Je lui avais demandé de revenir pour une consultation post-opératoire, et lors de celle-ci, elle m’a demandé pourquoi je l’avais soignée au lieu de la laisser mourir. Je lui ai répondu que ses proches avaient besoin d’elle, mais elle m’a répondu qu’elle refusait de retourner dans son village, qu’elle avait honte parce qu’elle avait été violée devant son beau-fils. J’avais réussi à la réparer physiquement, mais elle a refusé de boire, de manger et même de communiquer. Je suis triste de dire que cette patiente est décédée, mais j’ai eu envie d’agir pour apporter une aide psychologique, afin que ça ne se reproduise plus.

Ce fut un combat difficile, les psychologues cliniciens ne courant pas les rues au Kivu. Alors il se bat pour obtenir de l’aide à l’international et capte l’attention de Veronique de Keyser, Professeur émérite à la faculté de psychologie de l’Uliège. Grâce à elle naît La Chaire internationale sur « La violence faite aux femmes et aux filles dans les conflits » (en abrégé « Chaire Mukwege »).

Avec l’appui de tant de professionnels qualifiés, la prise en charge psychologique des femmes est désormais assurée pleinement à l’hôpital de Panzi.

Outre cet aspect, il assure une réinsertion de ces femmes dans la vie normale en leur permettant d’acquérir de nouvelles compétences. Aux jeunes filles il permet de retrouver les bancs de l’école. Une assistance juridique est aussi mise à disposition des victimes qui souhaitent réparation.

Pour lui la prise en charge de ces femmes et enfants doit être holistique. C’est à dire qu’elle doit tenir compte de tous les aspects: physique, psychologique, économique, social, et juridique. Elle doit permettre aux victimes et guérir et de retrouver une vie “normale”.

Dans sa lutte, il élève la voix pour dénoncer ces violences dans son pays et sur toutes les scènes internationales où il a la possibilité de parler. Infatigable, ce défenseur des droits des femmes tire l’opinion internationale en sa faveur mais dérange en RDC. Ouvertement il dénonce les crimes qui sont selon lui les conséquences de la mauvaise gouvernance du pays. Plusieurs fois menacé, il est victime d’une tentative d’assassinat dont il échappe de justesse en 2012. Depuis lors il est sous la protection des casques bleus de l’ONU.

Pourtant cela ne l’empêche pas de continuer son combat. “Chaque femme violée, je l’identifie à ma femme; chaque mère violée à ma mère et chaque enfant violé à mes enfants…

Distinctions honorifiques

Faisant entendre sa voix dans le monde entier, Dr Denis Mukwege reçut de nombreux prix pour sa détermination, son courage et son audace dans La Défense des droits des femmes.

En 2008, il reçut le prix Olof Palme et le prix des droits de l’homme des Nations unies. En 2009, le prix français des droits de l’homme, et se fait chevalier de l’Ordre national de la Légion d’honneur. La même année, il est élu Africain de l’année par une association de presse africaine.

En 2010, il obtient le prix Van Goedart aux Pays-Bas. En 2011 en Belgique, il reçoit trois prix : le prix Jean-Rey, le Prix Roi Baudouin et le prix de paix de la ville d’Ypres.

En 2013, il se voit décerner le grand prix de la fondation Chirac pour la prévention des conflits. Cette même année 2013, il reçoit le prix Nobel alternatif (prix Right Livelihood).
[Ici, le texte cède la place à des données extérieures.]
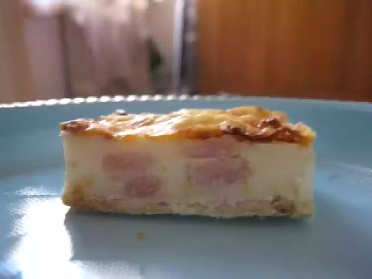 Torta salata formaggio e prosciutto cotto PrecedenteProssimo Antipastofacile1 ora Invia questa ricetta ad un amico Stampa la ricetta Contatta l'autore della Ricetta Pubblica la foto di questa ricetta Ingredienti 6 Per il guscio di pasta: 200 g di farina '00' 90 g di burro morbido a pezzetti - un uovo 5 g di sale 20 g di acqua Per il ripieno: 500 ml di latte 60 g di farina '00' 60 g di burro un pizzico di sale pepe noce moscata 150 g di prosciutto cotto in sole 2 fette 180 g di emmentaler

En 2014, il est fait docteur honoris causa de l’université catholique de Louvain et reçoit plusieurs prix: le Inamori Prize for Ethics 2014 (Japon-États-Unis), le prix Primo Levi (Italie), le prix Solidaris de l’hôpital Saint-Pierre de Bruxelles, la médaille de l’Académie royale des sciences d’outre-mer, et le prix Sakharov.

En 2016 il reçoit le prix “Héros pour l’Afrique”, le prix Renfields et le prix des quatre libertés. Il est élu cette année 35eme personnalité la plus influente du monde. En 2017 le prix Grand témoin et en 2018 le prix Nobel de la Paix lui sont décernés.

Il est docteur honoris causa de nombreuses universités du monde.

Denis Mukwege est un homme déterminé. Témoin de toutes les atrocités de la guerre, il a refusé de fuir et a choisi de se battre pour défendre les femmes victimes. Malgré les nombreuses menaces qui pèsent sur sa vie, il continue sa lutte. Parce que “les viols continuent, et il faut agir” Sa détermination à toutes épreuves est ce qui fait de dr Denis Mukwege notre homme badass du mois.